§ WHAT IS REQUIRED: Begin with the first line below and retype each line exactly through the line containing "Unveil the charm". Any pictures are to be left out.

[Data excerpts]
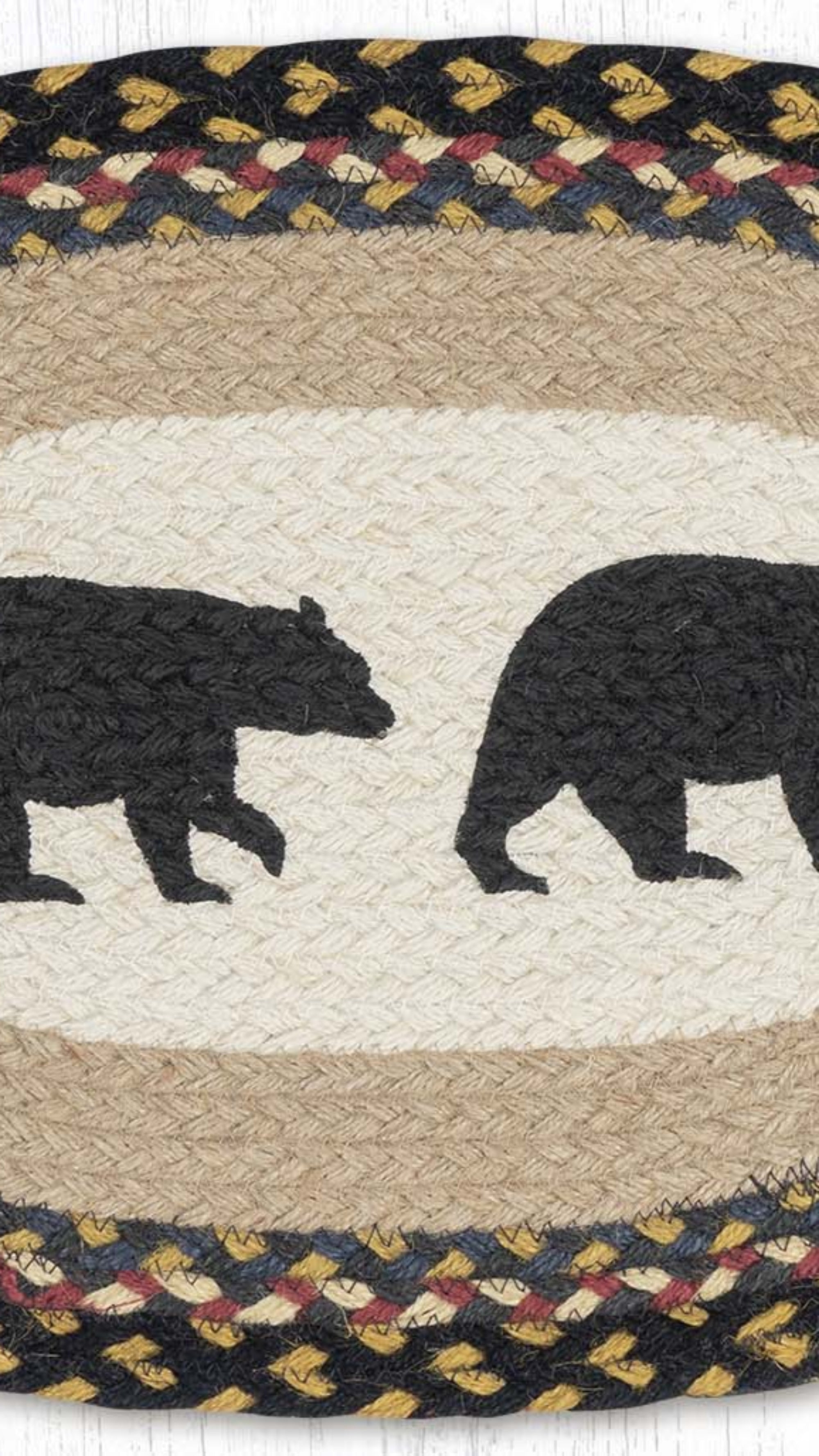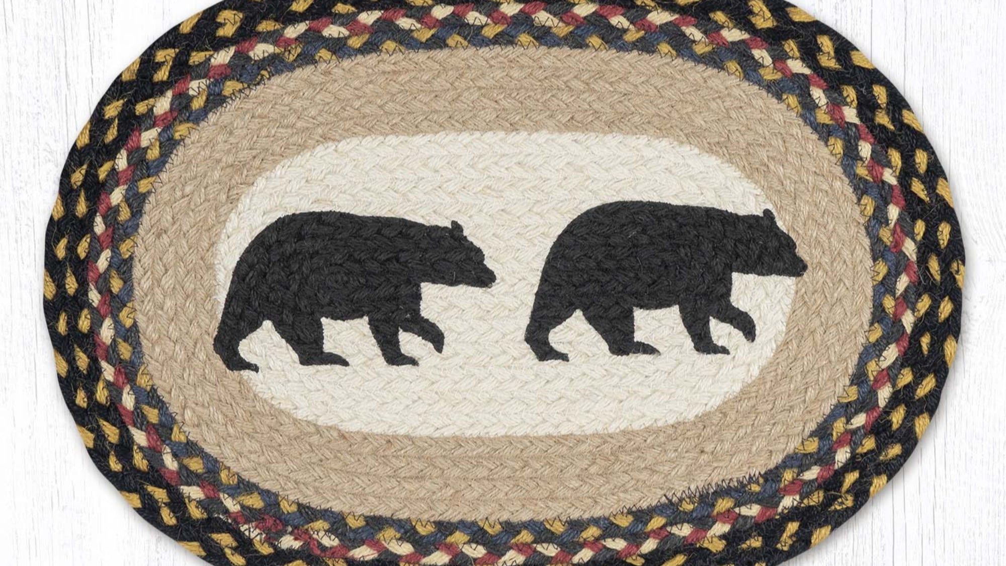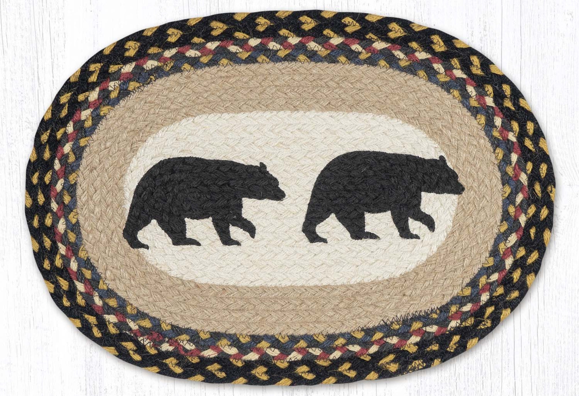 Earth Rugs Braided Jute Oval Placemat with American Bear Print 13"x19"
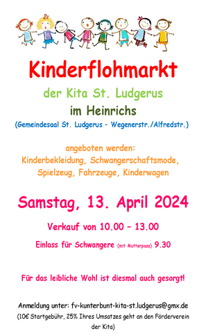 es ist wieder soweit und wir veranstalten am Samstag, 13. April unseren nächsten Kinderflohmarkt!
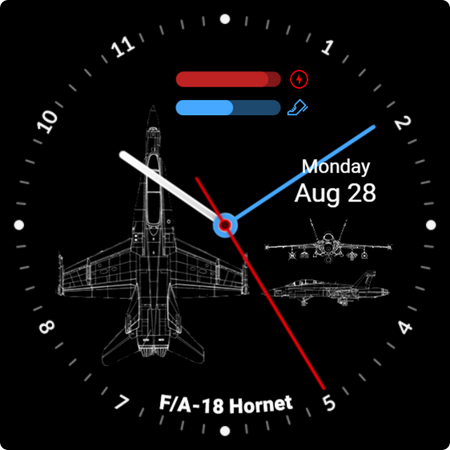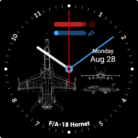 Unveil the charm of aviation elegance with the F/A-18 Hornet Time Watch Face for Wear OS 3. Embrace the art of simplicity and style on your wrist. Download now and enjoy a masterpiece that brings the F/A-18 Hornet’s essence to your daily routine.
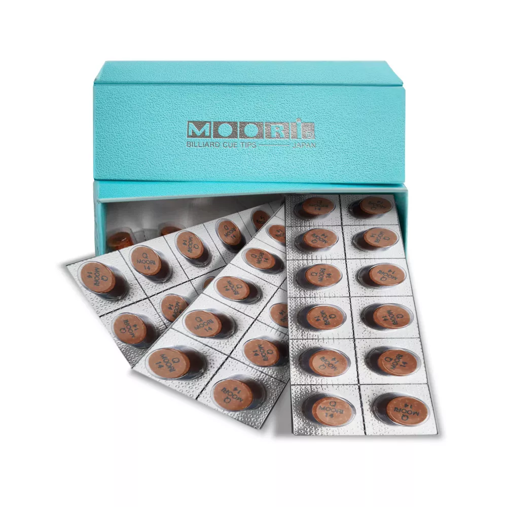 Несмотря на то, что наклейки на кии – это расходный материал, Moori относятся к наиболее долговечным и износостойким. Слои кожи между собой соединены не просто клеем, а методом ламинированного прессования. Известно, что первый вариант, просто клей, традиционно считается менее надежным, так как от ударов он может выбиваться между неплотных слоев.
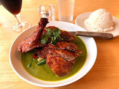 Let me say again that the duck is extraordinary. The crispy skin is heavenly. You will want to order the Red|Yellow|Green Curry version rather than the Lovely Duck Creamy Special version because the latter smothers the duck in the curry sauce and mitigates the crunch. Not counting the duck leg, the duck is mostly deboned, making it easy to eat. I found two extra bones in it, a rib and a joint that was part of the leg, but overall this was beautifully executed. The included steak knife easily cut through the pieces and all pieces were meaty and delicious. You really can't get much better duck anywhere unless you get a good one in Chinatown. A good curry makes you want to sop up the last remnants of it with rice. You might even find yourself wanting more curry and rice. Only Indian curries can rival these kinds of flavors, but I would say Thai curries have an edge over Indian curries for me, if only because they are sweeter in taste. In the background is the requisite single-person serving of steamed rice and a lovely glass of Chateau de Coca-Cola, vintage 2026, a most complementary pairing.
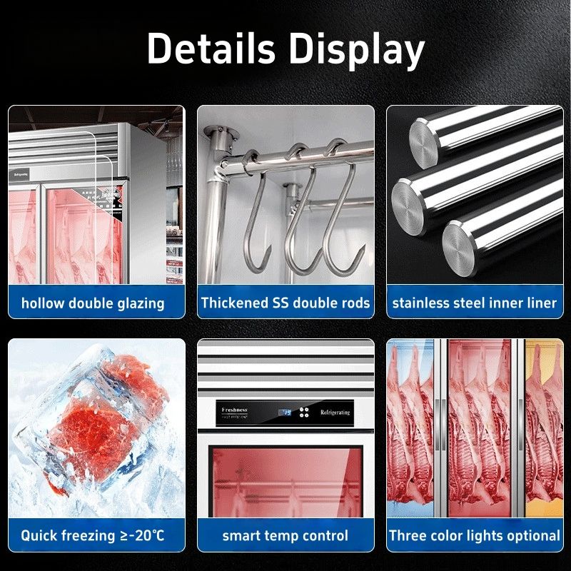 Congélateur vertical pour fruits de mer à température unique, 2 portes, application supermarché avec contrôle numérique de la température, refroidissement par air
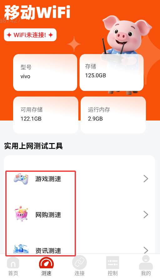 2、进入网络测速模块,支持分场景测试游戏延迟、购物加载速度等专项网络性能。
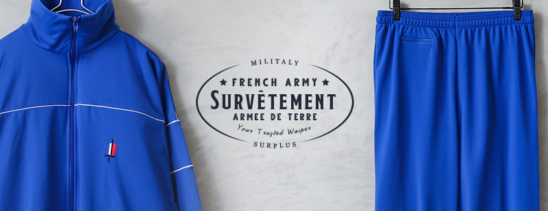 1990年代後半に採用されたトラックパンツで、フランス軍でトレーニング時などに着用されていました。表地は滑らかで柔らかな質感のジャージ素材。裏地は肌触りの良い裏起毛素材で、寒い時期の着用でも冷たさを感じにくく、水泳など水から上がった後の吸水や保温にも適しています。

§ TASK SOLUTION:
 Earth Rugs Braided Jute Oval Placemat with American Bear Print 13"x19"
 es ist wieder soweit und wir veranstalten am Samstag, 13. April unseren nächsten Kinderflohmarkt!
 Unveil the charm of aviation elegance with the F/A-18 Hornet Time Watch Face for Wear OS 3. Embrace the art of simplicity and style on your wrist. Download now and enjoy a masterpiece that brings the F/A-18 Hornet’s essence to your daily routine.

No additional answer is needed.